BEGIN

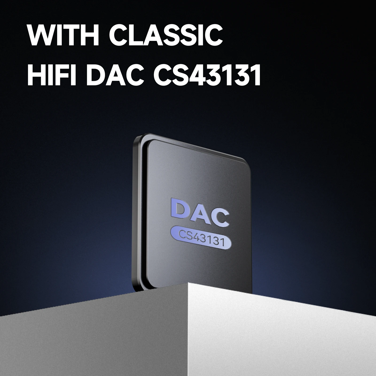 The CS43131, being a Cirrus Logic MasterHiFi DAC chip, decodes DSD256 natively, and has a hi-res headphone amplifier built in for class-leading audio fidelity at high battery power efficiency.
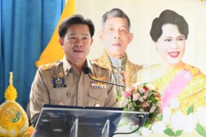 โดยผู้ว่าราชการจังหวัดนนทบุรีเดินทางมาถึง ได้เปิดกรวยกระทงดอกไม้เบื้องหน้าพระบรมฉายาลักษณ์ พระบาทสมเด็จพระเจ้าอยู่หัว และสมเด็จพระนางเจ้าสิริกิติ์ พระบรมราชินีนาถ พระบรมราชชนนีพันปีหลวง จากนั้นได้กล่าวน้อมสำนึกในพระมหากรุณาธิคุณฯ ที่ทรงพระราชทานทรัพย์ส่วนพระองค์ ก่อตั้งโครงการน้ำพระทัยพระราชทานเพื่อเลี้ยงอาหารแก่ผู้ตกทุกข์ได้ยากมาเป็นระยะเวลา 26 ปี นับถึงปัจจุบัน ทั้งชื่นชมสภาสังคมสงเคราะห์แห่งประเทศไทย ที่ได้ร่วมกับหน่วยงานต่างๆ ในส่วนภูมิภาค จัดโครงการน้ำพระทัยพระราชทานเพื่อเฉลิมพระเกียรติ พระบาทสมเด็จพระเจ้าอยู่หัว และสมเด็จพระนางเจ้าสิริกิติ์ พระบรมราชินีนาถ พระบรมราชชนนีพันปีหลวง โดยจังหวัดนนทบุรีได้จัดเลี้ยงอาหาร มอบเครื่องอุปโภคบริโภคแก่นักเรียนในครอบครัวเปราะบาง ณ โรงเรียนประชาบดี อำเภอปากเกร็ด จังหวัดนนทบุรี
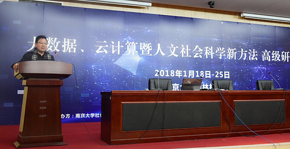 2018年1月18日上午,由bw必威西汉姆联官网研究生双创团队主办,学术公众号“定量群学”和“群学书院”支持的第一届“大数据、云计算暨人文社会科学新方法高级研修班”在bw必威西汉姆联官网仙林校区bw必威西汉姆联官网河仁楼隆重开幕。
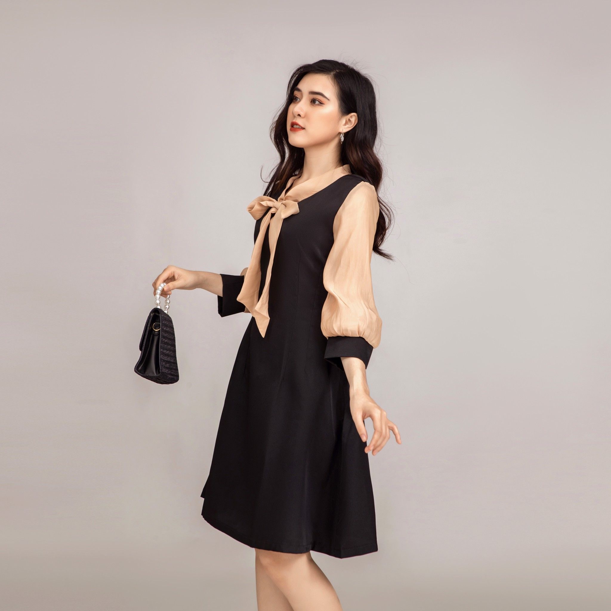 Đầm Nữ Phối Nơ Cổ Sang Trọng V0195
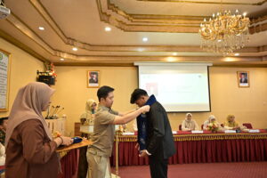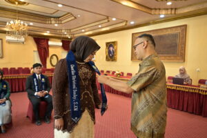 Kaprodi ARS menyematkan salempang kelulusan.
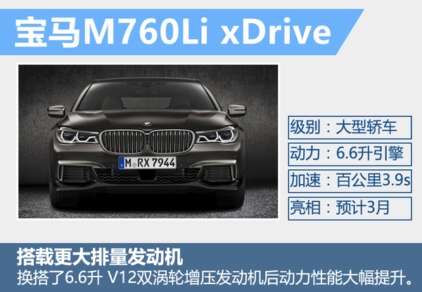 全新一代7系于2015年10月份正式上市,新车推出了740Li和750Li(分别搭载3.0T、4.4T发动机)两种动力车型。今年全新一代7系将推出更多版本,搭载更多排量的发动机以满足消费者的需求。近日,网通社从宝马汽车官方获悉,在今年3月开幕的日内瓦车展期间,宝马将推出M760Li xDrive,新车在外观细节有所改动。同时在动力方面,车辆将搭载6.6升V12双涡轮增压发动机,百公里加速仅需3.9秒。
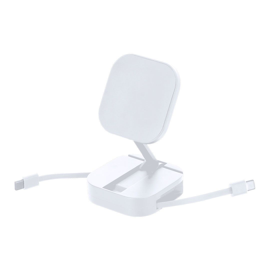 Cable cargador soporte magnético 2 en 1 de 60W, fabricado en ABS reciclado (RABS). Diseñado para la carga simultánea del smartphone a través del soporte magnético y mediante cable. Cuenta con soporte plegable con ajuste de posición. Cable retráctil de 80 cm con función de carga y transferencia de datos compatible con dispositivos que cuenten con entrada USB-C.
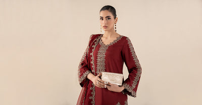 Embroidered Sleeves With Fabric-Balls Drop Detailing On Border
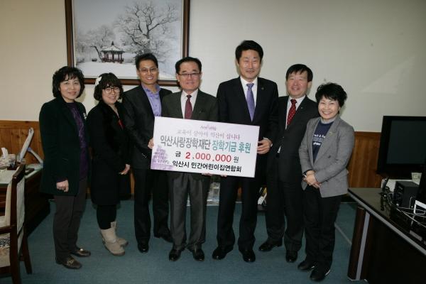 ÀÍ»ê½Ã ¹Î°£¾î¸°ÀÌÁý ¿¬ÇÕȸ(ȸÀå ³²±ÃÁÖ¼®)´Â 27ÀÏ ÀÍ»ê»ç¶ûÀåÇÐÀç´ÜÀ» ã¾Æ Áö¿ªÀÎÀçÀ°¼º¿¡ ½á ´Þ¶ó¸ç ÀÌÇѼö ÀÌ»çÀå(½ÃÀå)¿¡°Ô ÀåÇÐ±Ý 200¸¸¿øÀ» Àü´ÞÇß´Ù.
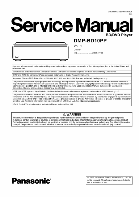 PANASONIC DMP-BD10PP Manuel de service Anglais
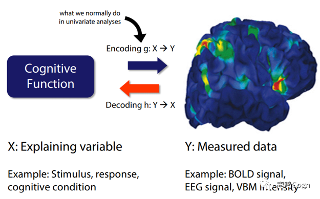 (decoding)的技术。在当跨体素的激活模式能够可靠地区分两个或多个事件(如不同的刺激、任务规则或参与者的反应)时,就可以利用机器学习等分类器来推断出其信息编码
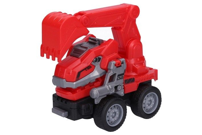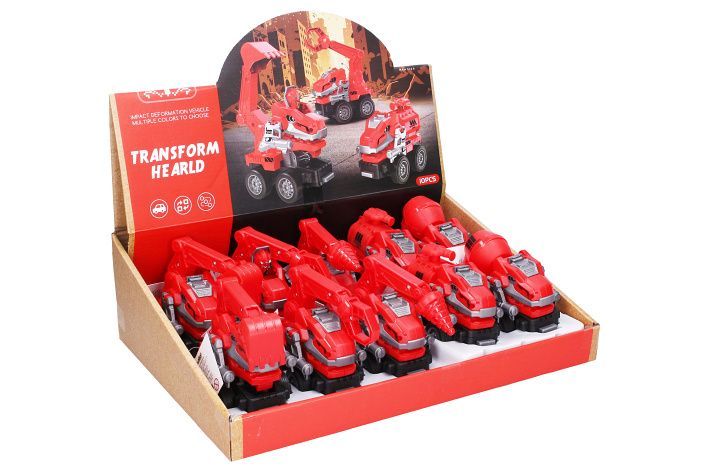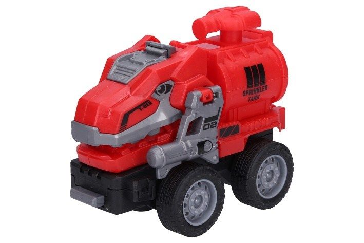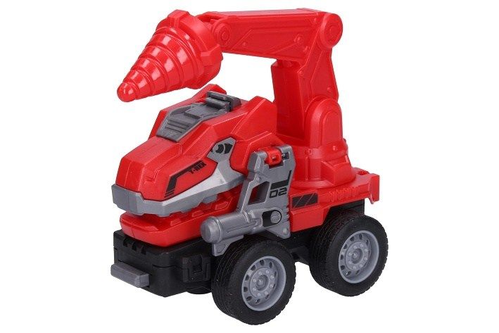 Autorobot dino hasičské. Délka 11 cm. Na setrvačník. Display box 10 ks. 5 variant - vrták, bagr, drapák, domíchávač, cisterna.
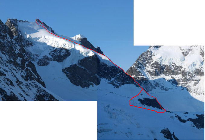 Vom Bohrhakenstand über dem ersten Aufschwung am besten 1x50m direkt auf den Gletscher abseilen.

END

DIRECTIONS
The answer must be the part of the records that opens with the line containing "全新一代7系于2015年10" and closes with the line containing "(decoding)的技术。", reproduced exactly, with no pictures.

ANSWER TO THIS EXERCISE
 全新一代7系于2015年10月份正式上市,新车推出了740Li和750Li(分别搭载3.0T、4.4T发动机)两种动力车型。今年全新一代7系将推出更多版本,搭载更多排量的发动机以满足消费者的需求。近日,网通社从宝马汽车官方获悉,在今年3月开幕的日内瓦车展期间,宝马将推出M760Li xDrive,新车在外观细节有所改动。同时在动力方面,车辆将搭载6.6升V12双涡轮增压发动机,百公里加速仅需3.9秒。
 Cable cargador soporte magnético 2 en 1 de 60W, fabricado en ABS reciclado (RABS). Diseñado para la carga simultánea del smartphone a través del soporte magnético y mediante cable. Cuenta con soporte plegable con ajuste de posición. Cable retráctil de 80 cm con función de carga y transferencia de datos compatible con dispositivos que cuenten con entrada USB-C.
 Embroidered Sleeves With Fabric-Balls Drop Detailing On Border
 ÀÍ»ê½Ã ¹Î°£¾î¸°ÀÌÁý ¿¬ÇÕȸ(ȸÀå ³²±ÃÁÖ¼®)´Â 27ÀÏ ÀÍ»ê»ç¶ûÀåÇÐÀç´ÜÀ» ã¾Æ Áö¿ªÀÎÀçÀ°¼º¿¡ ½á ´Þ¶ó¸ç ÀÌÇѼö ÀÌ»çÀå(½ÃÀå)¿¡°Ô ÀåÇÐ±Ý 200¸¸¿øÀ» Àü´ÞÇß´Ù.
 PANASONIC DMP-BD10PP Manuel de service Anglais
 (decoding)的技术。在当跨体素的激活模式能够可靠地区分两个或多个事件(如不同的刺激、任务规则或参与者的反应)时,就可以利用机器学习等分类器来推断出其信息编码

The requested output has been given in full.